Turbine–wake and farm–atmosphere interactions influence wind farm power production. For large offshore farms, the farm–atmosphere interaction is usually the more significant effect. This study proposes an analytical model of the ‘momentum availability factor’ to predict the impact of farm–atmosphere interactions. It models the effects of net advection, pressure gradient forcing and turbulent entrainment, using steady quasi-one-dimensional flow assumptions. Turbulent entrainment is modelled by assuming self-similar vertical shear stress profiles. We used the model with the ‘two-scale momentum theory’ to predict the power of large finite-sized farms. The model compared well with existing results of large-eddy simulations of finite wind farms in conventionally neutral boundary layers. The model captured most of the effects of atmospheric boundary layer (ABL) height on farm performance by considering the undisturbed vertical shear stress profile of the ABL as an input. In particular, the model predicted the power of staggered wind farms with a typical error of 5 % or less. The developed model provides a novel way of predicting instantly the power of large wind farms, including the farm blockage effects.

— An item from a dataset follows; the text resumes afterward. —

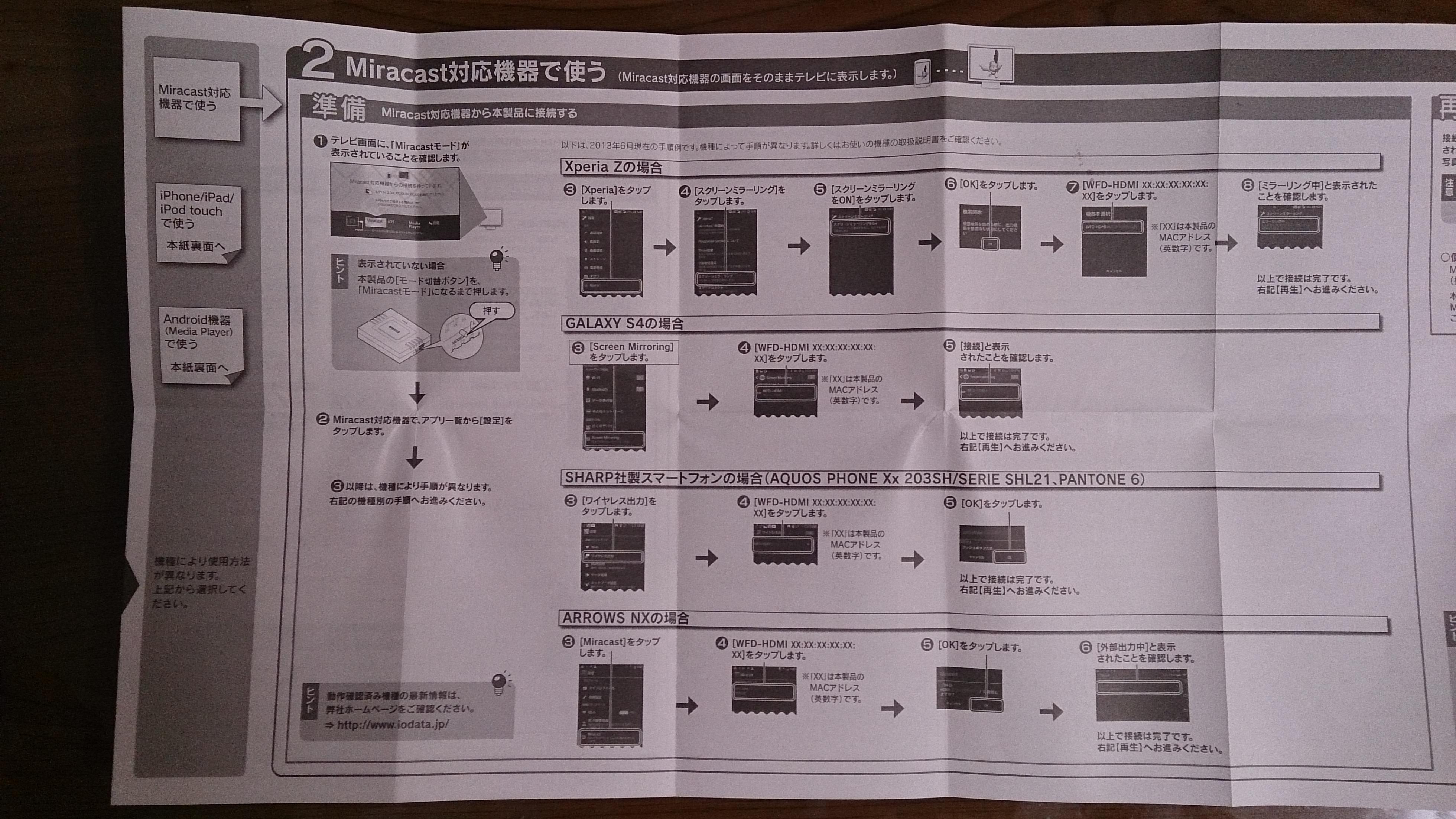 スクリーンミラーリングは使用ガイドにもあるように,スマホからの設定を行う。

A further simplification of the model to predict analytically the ‘wind extractability factor’ is also presented. This study provides a novel framework for modelling farm–atmosphere interactions. Future studies can use the framework to better model large wind farms.

中文翻译：

---

预测大型风电场功率的动量可用性分析模型

涡轮机-尾流和农场-大气相互作用影响风电场的发电。对于大型海上农场，农场与大气的相互作用通常是更显着的影响。本研究提出了“动量可用性因子”的分析模型来预测农场与大气相互作用的影响。它使用稳定的准一维流假设来模拟净平流、压力梯度强迫和湍流夹带的影响。通过假设自相似的垂直剪切应力分布来模拟湍流夹带。我们使用带有“双尺度动量理论”的模型来预测大型有限规模农场的功率。该模型与传统中性边界层有限风电场大涡模拟的现有结果进行了很好的比较。该模型通过考虑大气边界层 (ABL) 的未受干扰的垂直剪切应力剖面作为输入，捕获了大气边界层 (ABL) 高度对农场绩效的大部分影响。特别是，该模型对交错风电场的功率进行了预测，典型误差为 5% 或更小。开发的模型提供了一种即时预测大型风电场功率（包括风电场堵塞效应）的新颖方法。还提出了模型的进一步简化，以分析预测“风可提取系数”。这项研究为农场与大气相互作用的建模提供了一个新颖的框架。未来的研究可以使用该框架更好地模拟大型风电场。